Tesla’s battery economics get questioned:
A core concept in strategy consulting is the experience curve. While I’ll get to cover the full workings in a forthcoming article, the core concept is that costs of producing units (or more or less anything) come down as the cumulative number of units produced by the industry goes up. Note: defining the units against which ‘experience’ accumulates is the tricky part. In some industries learning is slow and the prices fall slowly. In other industries the slope of the curve is steep.
Competition tends to accelerate the fall in costs. As long as your selling price is above the cost then you’re probably okay. With some analysis, these cost curves become predictable and this allows brave companies to price now based on where costs will be in future. They do this often to win market share that allows them to learn faster than competitors and drive their costs down faster than the industry. For example, when Amazon launched its S3 service they priced at a rate many believe was below their actual costs at the time.

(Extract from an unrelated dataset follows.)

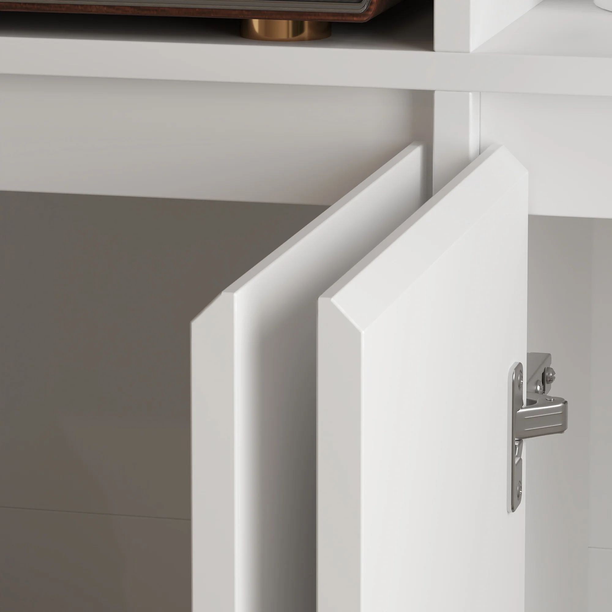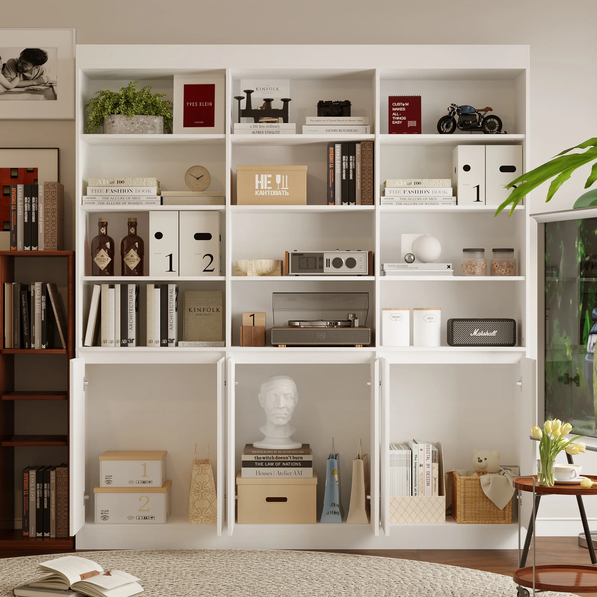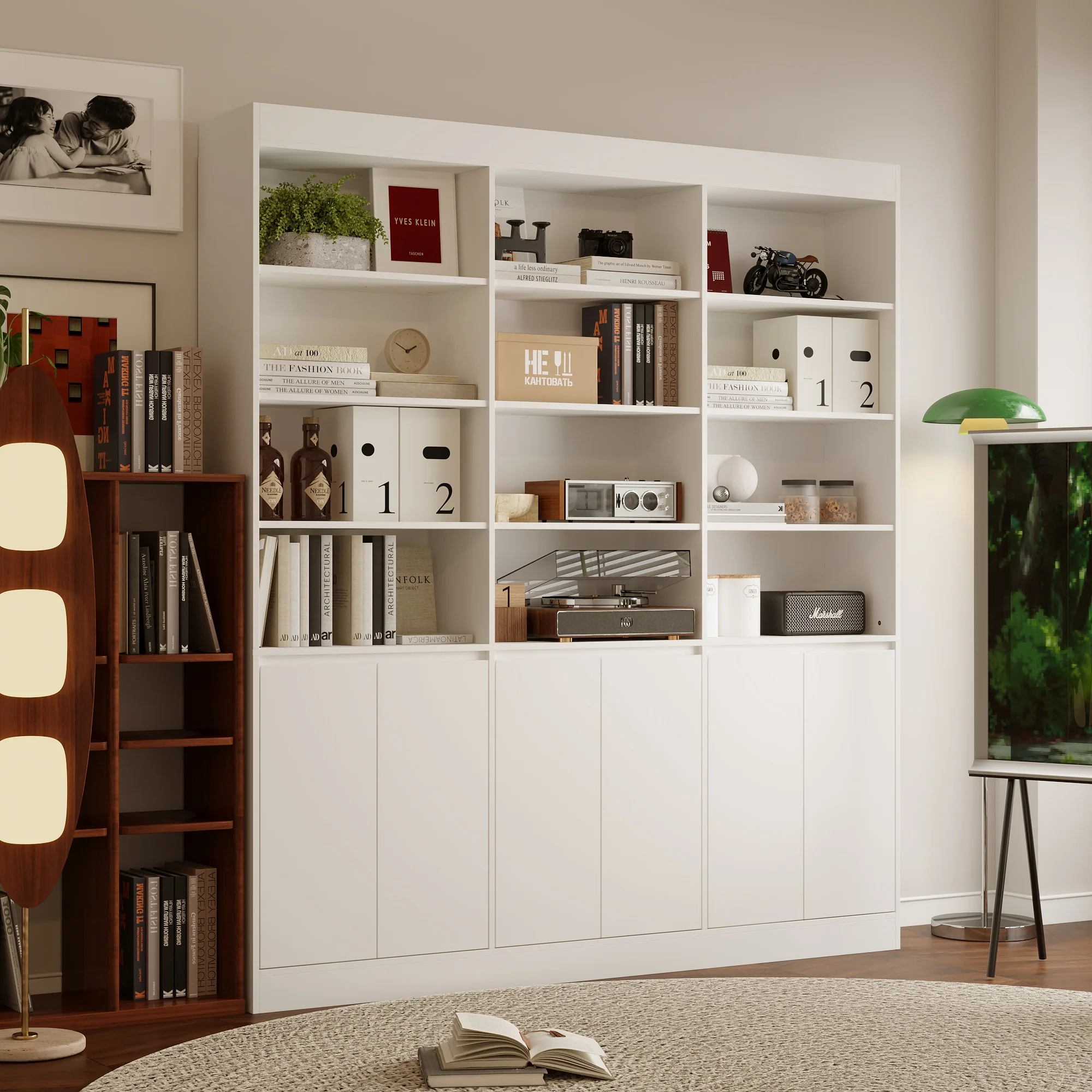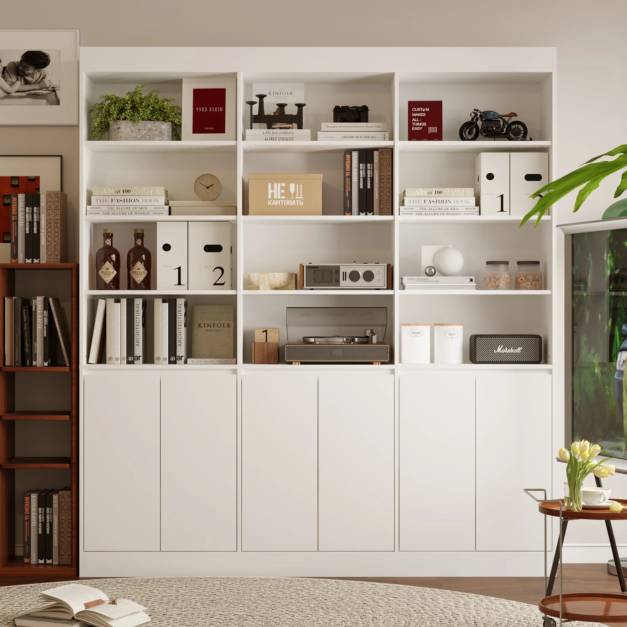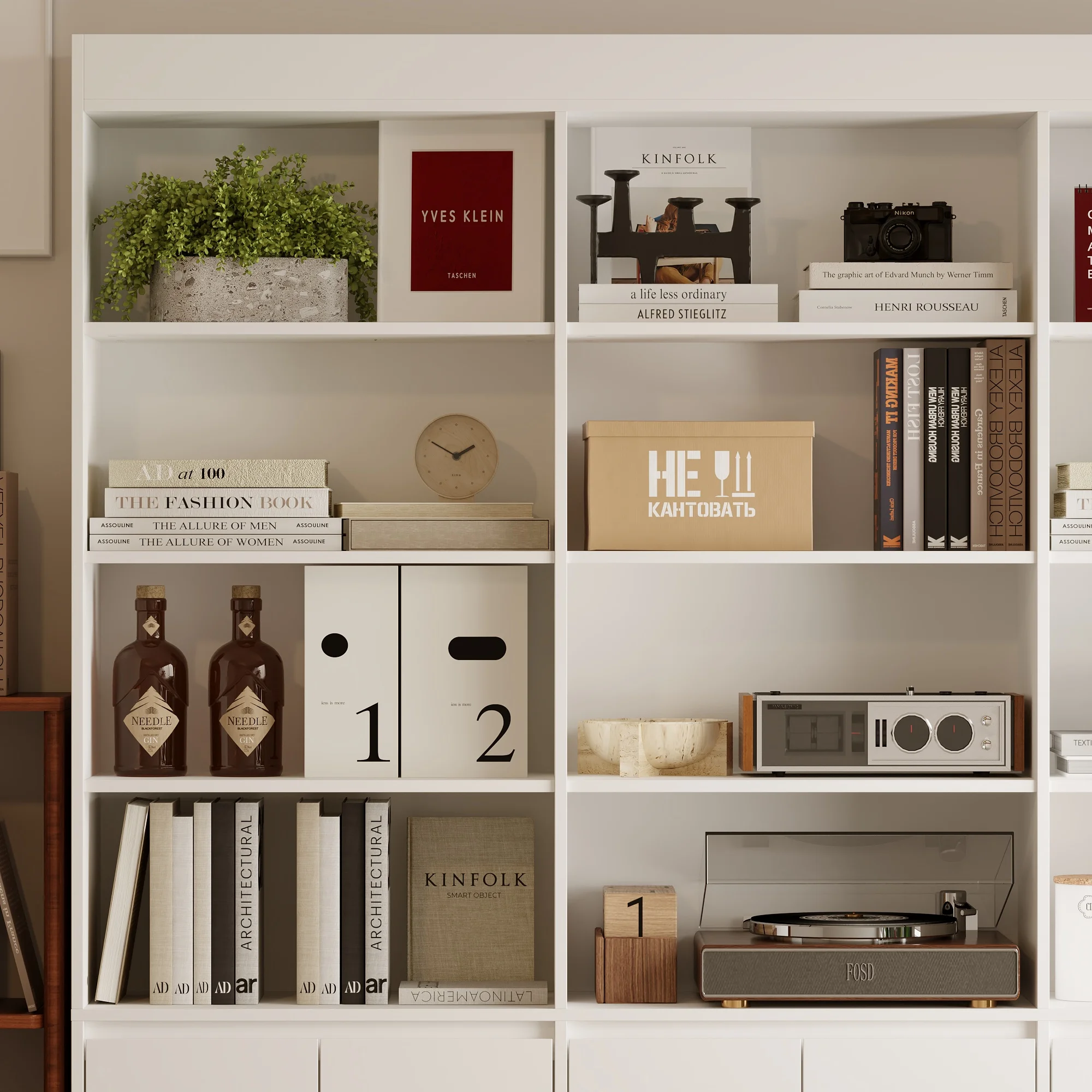 【Smart Storage Solutions】With multiple open shelves and cabinet doors, this bookshelf efficiently organizes your space. Use the upper open shelves for books and decor and the lower cabinets for hidden storage of larger items like record players or media devices.

Something just like this is going on in the electric car industry, where Toyota, Nissan and Tesla seem to make all the headlines. Its important to note that Toyota and Nissan have sold far more of the Prius or the Leaf than Tesla – they are much further down the curve (and these three companies are further down the curve than the rest of the industry combined).
Tesla’s shares have done well lately. So it’s worth noting that while Tesla has a stated aim to slash the cost of its cars by half by 2016, the core cost of these cars is their battery. If you think about it, electric cars differ from petrol cars only really in their motor and their fuel source. Electric motors have been around for years and are unlikely to suddenly get more efficient. Batteries are the single place where technologies have to advance to make the cars more affordable and more useful. The problem for Tesla is that few experts believe the cost of the battery will drop by more than 30% in this time.
So Elon Musk needs to take care that his cost curve (which falls at only 30%) doesn’t end up higher than his price curve (which he wants to fall at 50%). The bottom line is that savvy analysts are urging caution about the bet on falling battery prices that Tesla shares represent.